Brats (and I don’t mean the children)
Every so often I will run across posts/comments on blog or Facebook that just make me angry. I know, little even-tempered ol’ me? Angry? Lies and calumnies!
I get particularly upset when these posts have to do with certain aspects of parenting. Now, I know you’re thinking, “Are you freaking kidding me? You don’t even have children yet, just wait until you do and then try being all holier than me!” But see, the thing is, it’s not even that. I don’t care if you co-sleep or if you put baby in the corner, I don’t care if you breastfeed or formula feed, I don’t care if you stay at home or take your child to day care, I don’t care if you cloth diaper or disposable it up. I may have very defined ideas about what I plan to do when it comes to decisions like those, but that doesn’t mean I’m inflexible or incapable of realizing that when the time comes, I may change my mind and that many things depend on the patience you realize you have, your child’s personality and temperament, and your life circumstances at a given moment in time. There are no two identical mothers, and even if there were, their husbands would be different (if they were even in the picture) and vice versa. We, and our life experiences, are all unique snowflakes.
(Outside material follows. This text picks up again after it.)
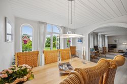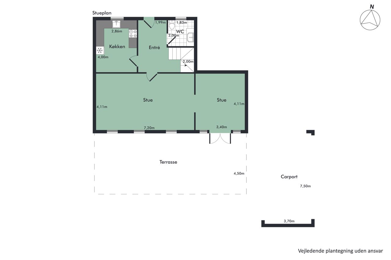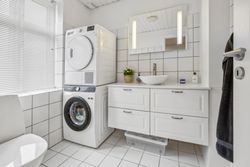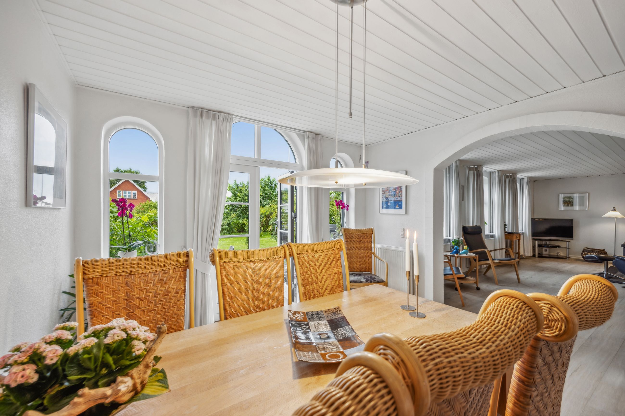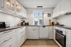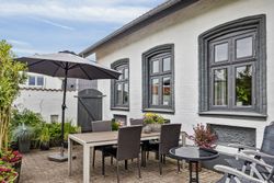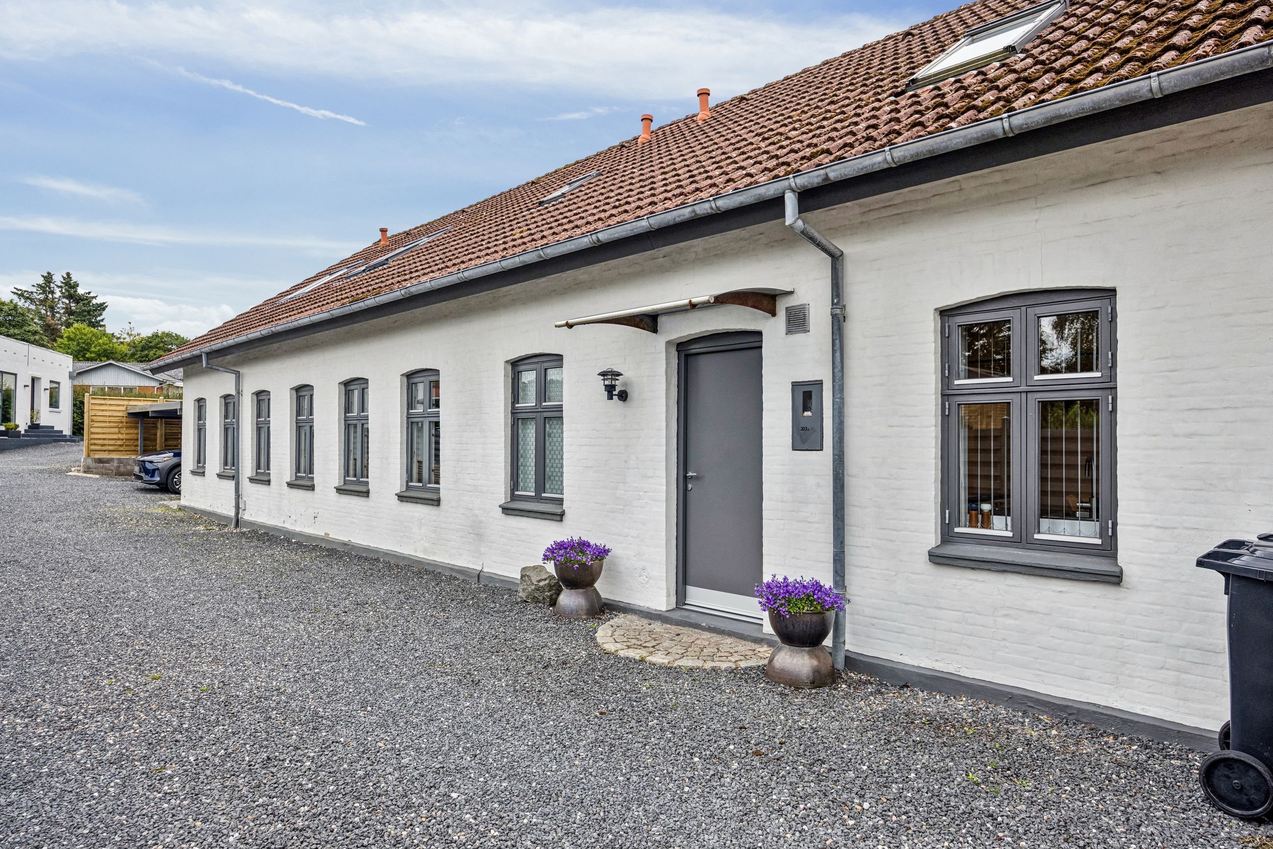 I det charmerende rækkehus, bydes du velkommen i en skøn lys entré med plads til at modtage gæster og komme af med overtøjet. Fra entréen finder du adgang til boligens lyse gæstetoilet, der er moderniseret i 2022 og med vaskemaskine og tørretumbler, skønt køkken fra 2022 med spiseplads, masser af bord- og opbevaringsplads. Endelig er det også fra entréen at der er trappe til 1. sal. Entréen leder dig helt naturligt ind i husets store todelte stue med nye gulve og vinduer fra 2022, hvor der er god plads til både langbordet og sofagruppen. Fra stuen er der udgang til rækkehusets terrasse og have.

So what are the parenting statements that bother me? Gems like these: “I was going to go to Bonaroo, but I couldn’t find a baby-sitter for this kid.” Or, “After two hours of trying to feed Mikey and him just spitting everything up, I gave up. And now that I have to go to my nail appointment, he decides he’s hungry. GREAT, CHILD.”
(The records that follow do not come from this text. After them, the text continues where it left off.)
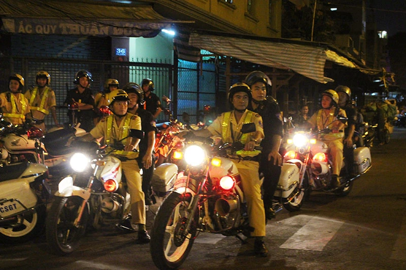 Đội CSGT Chợ Lớn phối hợp với CSCĐ tiến hành tuần tra, xử lý đua xe. Ảnh: LÊ THOA
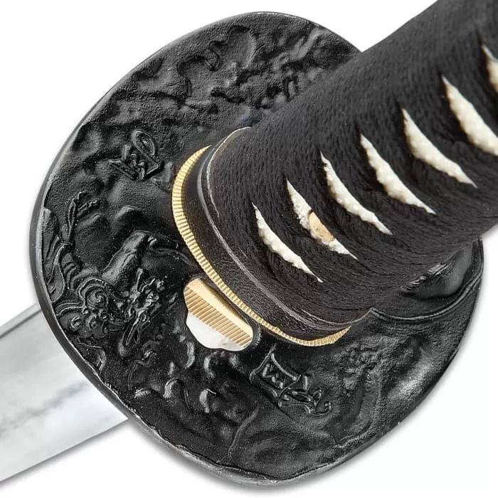 Impeccably balanced, the Scorn’s weight is shrewdly distributed for improved control and agility, quicker response, as well as maximum power from every swing. The delicately textured genuine ray skin same and soft braided ito that cloak the tsuka afford a comfortable, no-slip grip, further enhancing the sword’s superb feel. Expertly cast from iron and embellished with delicate reliefs, the tsuba guards the hand, while conferring an alluringly dark vibe. Nestled between ito and ray skin same, the classic brass menuki affords a vibrant contrast to the Scorn’s sea of black.
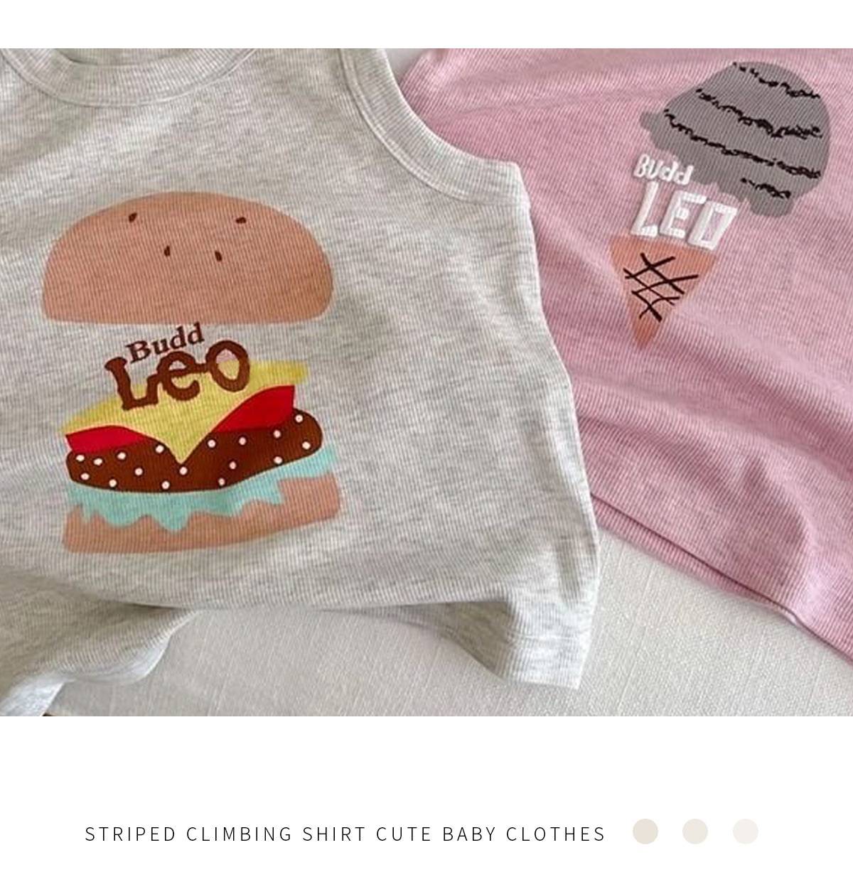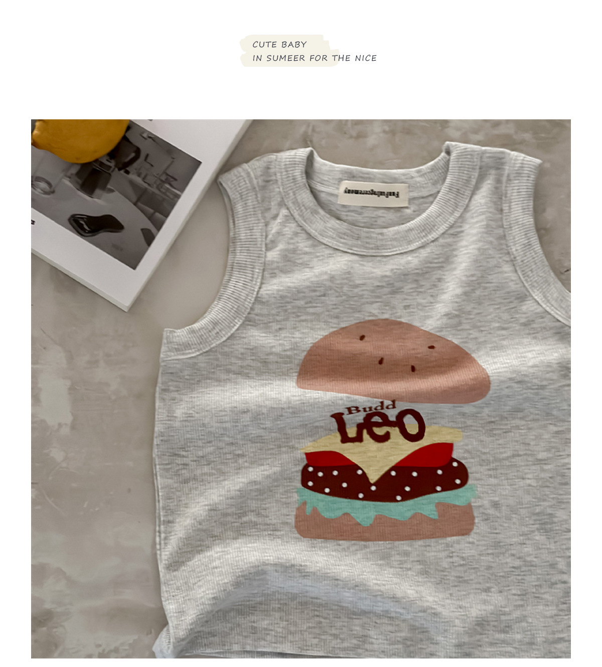 2025 여름 반팔 아동복 일본 티셔츠 아기 민소매 조끼 만화 버거 프린트 귀여운 다용도 조끼
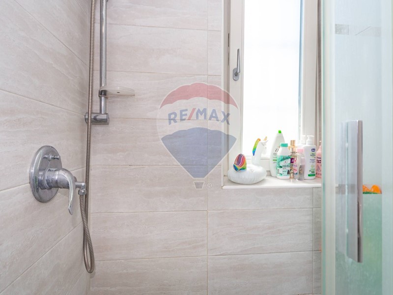Il bagno è dotato di ampia doccia e finestra, arredato con mobili moderni.
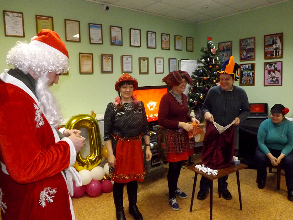 Клубный Дед Мороз раздал всем предсказания на 2019 год и провёл беспроигрышную лотерею с "волшебным барабаном". Завершился праздник, как всегда, общей фотографией.
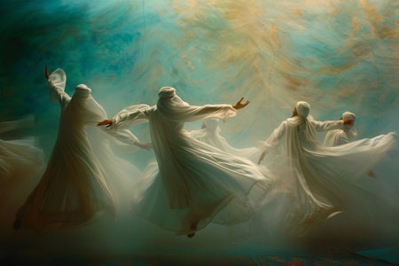 A Painting of Four Women in White Dresses, Floating dervishes in a mystical Sufi whirling ceremony, AI Generated
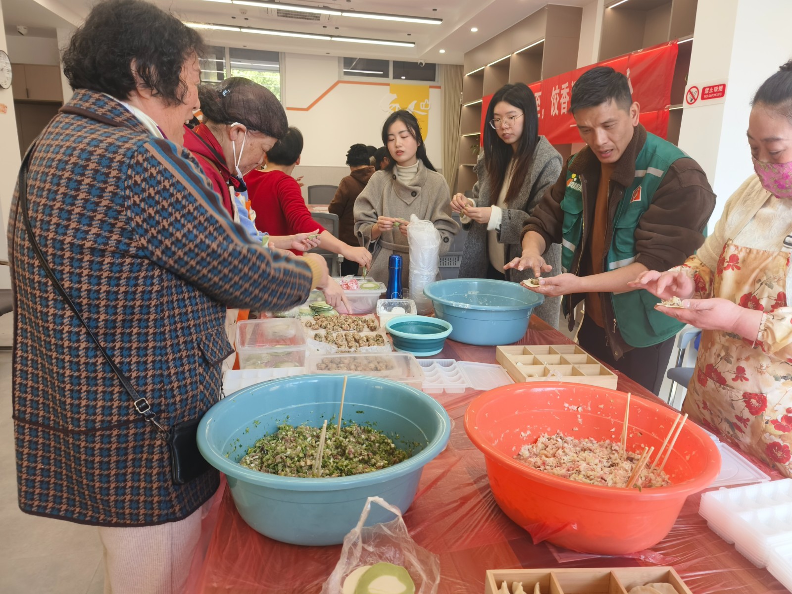 下午的南北美食比拼环节,将活动推向高潮。居民们各显神通,擀皮、包馅动作麻利,元宝饺、柳叶饺、福袋饺轮番登场,造型别致;汤圆则裹着芝麻馅,圆润饱满像一个个小灯笼。“南北美食大比拼太有意思了!我跟着东北邻居学了新的饺子包法,还能给辛苦的外卖小哥、快递员送份暖,这样的‘共享温情’太让人暖心了!”手里捏着花式饺子的程阿姨,笑得合不拢嘴。大家在切磋技艺中交流民俗,欢声笑语溢出老邻舍能人驿站。活动尾声,社区工作人员与热心志愿者提着沉甸甸的保温袋,将热乎的饺子、汤圆送到寒风中的外卖小哥、快递员手中。“天这么冷,收到这份冬至礼物太惊喜了!感觉自己被社区记挂着,浑身都暖和了!”快递员小刘捧着温热的美食,连连道谢。

Look, I understand and appreciate that when you have a child you are exhausted, hormonal, and that it’s an emotional roller-coaster dealing with your tot’s moods, rhythms, and needs. I understand that sometimes we all need to vent. I understand that sometimes a parent may suddenly feel like they stopped being an individual and are just “Jonie’s mommy” and are frustrated that they always have to put someone else’s needs before their own (or… at least I hope they do).
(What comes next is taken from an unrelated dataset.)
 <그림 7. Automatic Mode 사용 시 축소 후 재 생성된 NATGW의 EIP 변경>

What I don’t understand is this concept that a child, a toddler, and even an infant has to conform and fit around the lifestyle you were accustomed to, and any deviation from that pattern is seen as a discomfort or a nuisance. You had a child; your life will naturally change. (“Organically”, one might say. Erin, I’m lookin’ at you!) Your child did not ask to be brought into this world. Your child did not nag you to pop open those knees and lay back and enjoy the show — and I don’t mean childbirth, I mean the nine months prior. Your child did not choose you as a parent, it got you.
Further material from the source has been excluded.